Vertigo is diagnosed in roughly half of patients reporting dizziness. It is defined as the sensation of movement when none exists. About 80% of cases of vertigo are due to a peripheral lesion (pathology of the vestibular structures or cranial nerve VIII). Although peripheral vertigo is benign and not life-threatening, it may cause significant disability.

Benign Paroxysmal Positional Vertigo

The most common type of vertigo is benign paroxysmal positional vertigo (BPPV).¹ It occurs in all age groups but becomes more common with aging. Women are affected twice as often as men.

Vestibular Neuritis and Labyrinthitis

These disorders most commonly occur in patients in the third to fifth decades of life. Peripheral vestibulopathies typically follow viral gastrointestinal or upper respiratory infections.

Pathophysiology

Peripheral vertigo results from pathology involving the vestibular system or the eighth cranial nerve. The vestibular organs are responsible for equilibrium. The two main components—the three semicircular canals and the two otolith organs (utricle and saccule)—are interconnected and contain endolymph. The three semicircular canals—posterior (inferior), horizontal (lateral), and anterior (superior, vertical, dorsal)—are arranged at right angles to each other and allow detection of rotation via movement of endolymph. Otoliths (also known as otoconia), which are calcium carbonate particles, are found in the saclike utricle and provide information on head tilt.

When there is no disease and the head is held motionless, the bilateral vestibular systems fire at a tonic resting frequency. When the head rotates, there is increased firing from one semicircular canal and decreased firing from the others. The cerebral cortex interprets this information, synthesizes it with signals from the visual and proprioceptive systems, and translates it into the consciousness of movement. Vertigo results when the end-organs fire inappropriately at different frequencies, which causes unequal input to the brainstem and cerebral cortex.

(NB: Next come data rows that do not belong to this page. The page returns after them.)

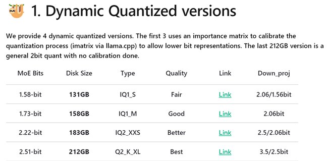 动态量化是指对模型的关键层实施4到6bit的高精度量化,同时对那些非关键的混合专家层(MoE)采用更为激进的1到2bit量化方法。通过这种针对性的量化手段,DeepSeek R1模型能够被压缩至最少131GB(1.58-bit量化),在保证参数量的前提下,大幅度降低了本地部署的门槛。
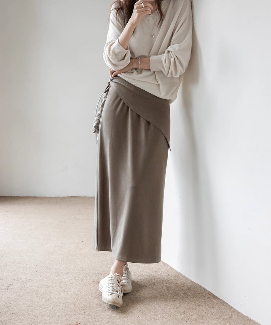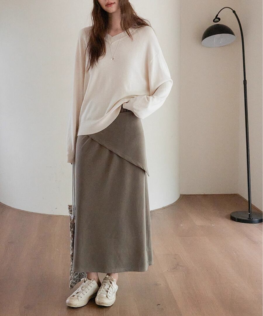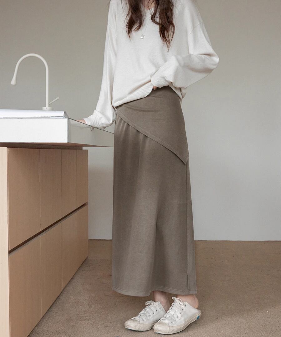 テンセル素材を使用したこのロングスカートは、ストレッチ性に優れ、身動きが楽でとても快適。柔らかな風合いと落ち感が魅力です。
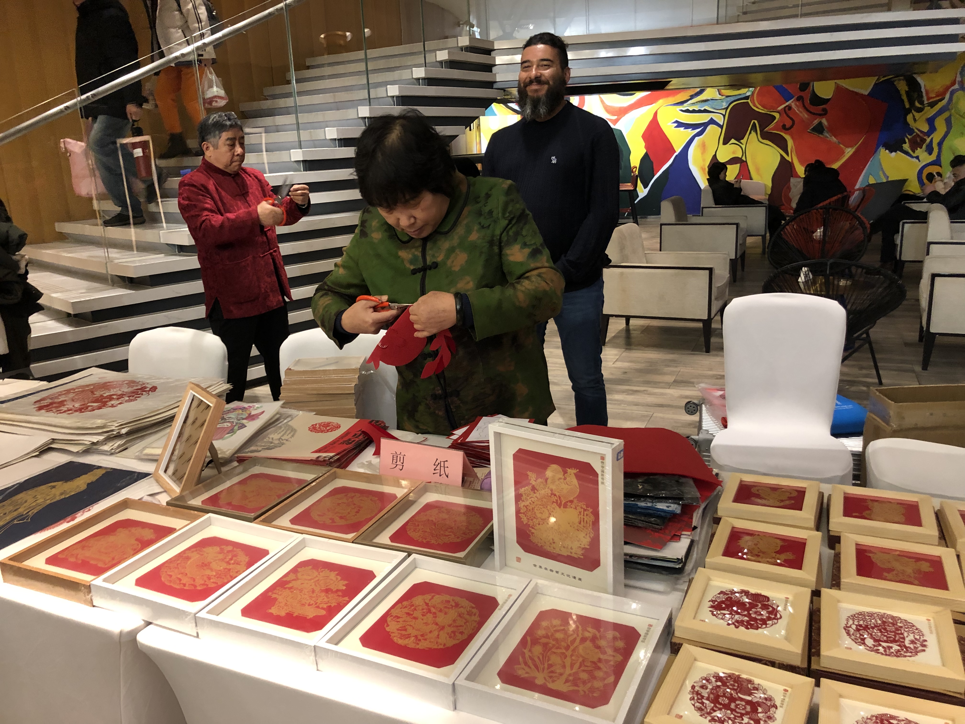 为满足入境游客及在华外国人的新年度假需求,中旅旅行将非遗与旅游产品深度融合。12月31日,游客们来到热闹的民俗市集,迎新活动正式拉开帷幕。中旅旅行特邀非遗传承人为大家展示剪纸技艺,游客们一边欣赏,一边跟随老师们走进“剪纸体验课堂”。2024年是中国的“龙年”,“龙”对于中国人有着特殊的意义,在非遗传承人手把手的教学下,游客们剪出了一条条生动形象的“龙”形图案,许下“龙腾虎跃”“吉祥如意”的美好愿望。市集上,中国传统小吃冰糖葫芦、糖炒栗子、驴打滚、棋子烧饼、麻仁大扁等美食吸引着游客驻足,大家一边分享美食,一边交流着彼此国家的新年美食风俗。
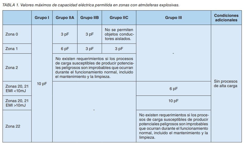 Si existen pequeñas partes conductoras aisladas en el calzado deberá cumplir las limitaciones de capacidad eléctrica recogidas en la tabla 1.
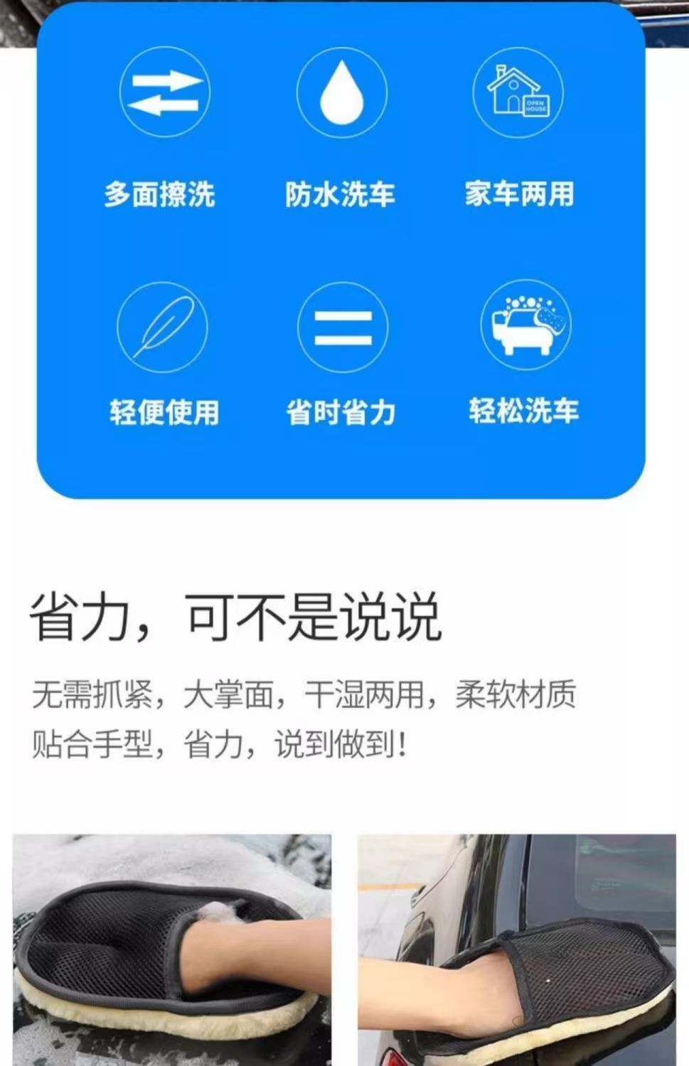 洗车手套毛绒羊毛工具抹布熊掌不伤漆面擦车巾专用泡沫棉海绵毛巾
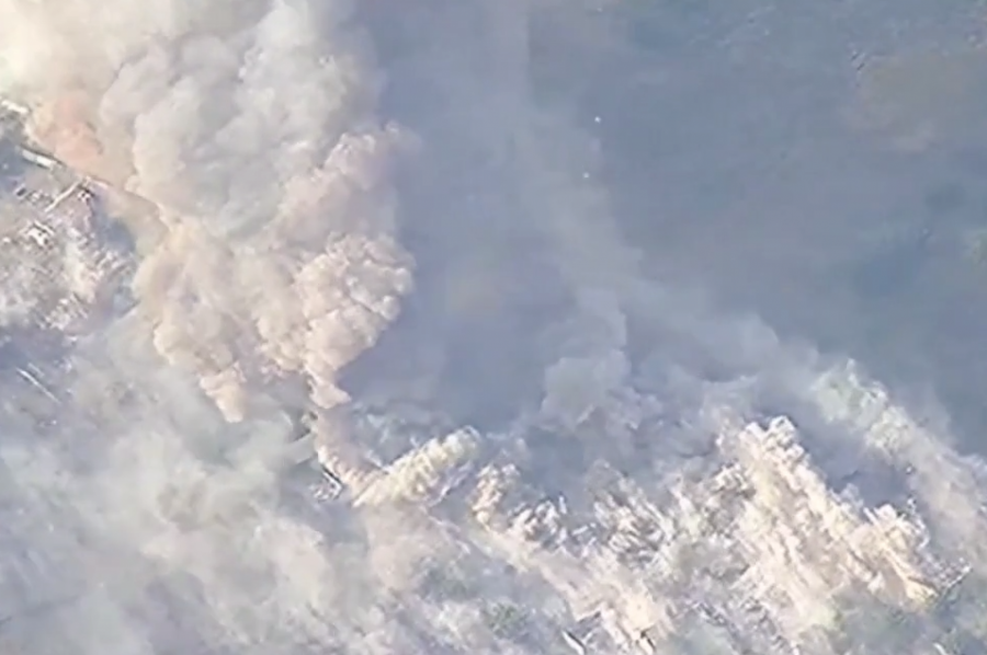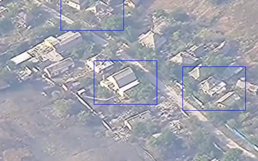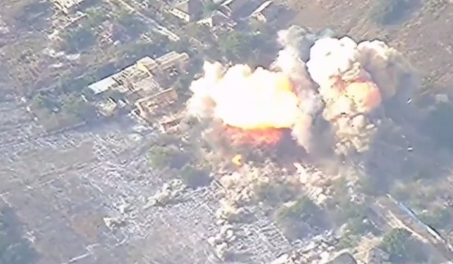 Na priloženom snimku se vidi kako padaju tri bombe i sa tri ogromne eksplozije.
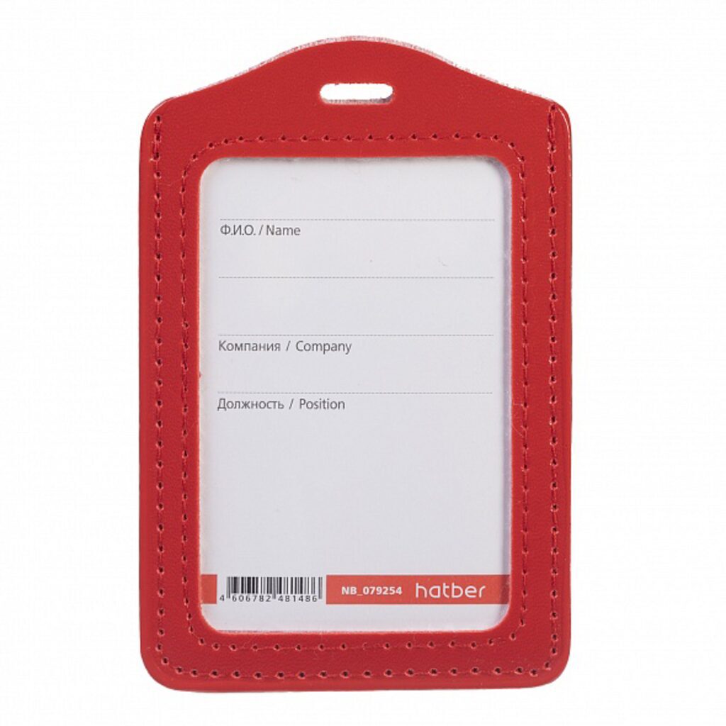 Бейдж 72*112 мм. экокожа, вертикальный, красный

Nystagmus is an involuntary rhythmic movement of the eyes to and fro that is often seen in patients with vertigo. Nystagmus is defined in terms of the direction of the fast-phase component. The factors listed in Table 96.1 should be noted in all patients with nystagmus. It should be kept in mind that on extremes of lateral gaze, several-beat nystagmus is a normal finding in 60% of patients.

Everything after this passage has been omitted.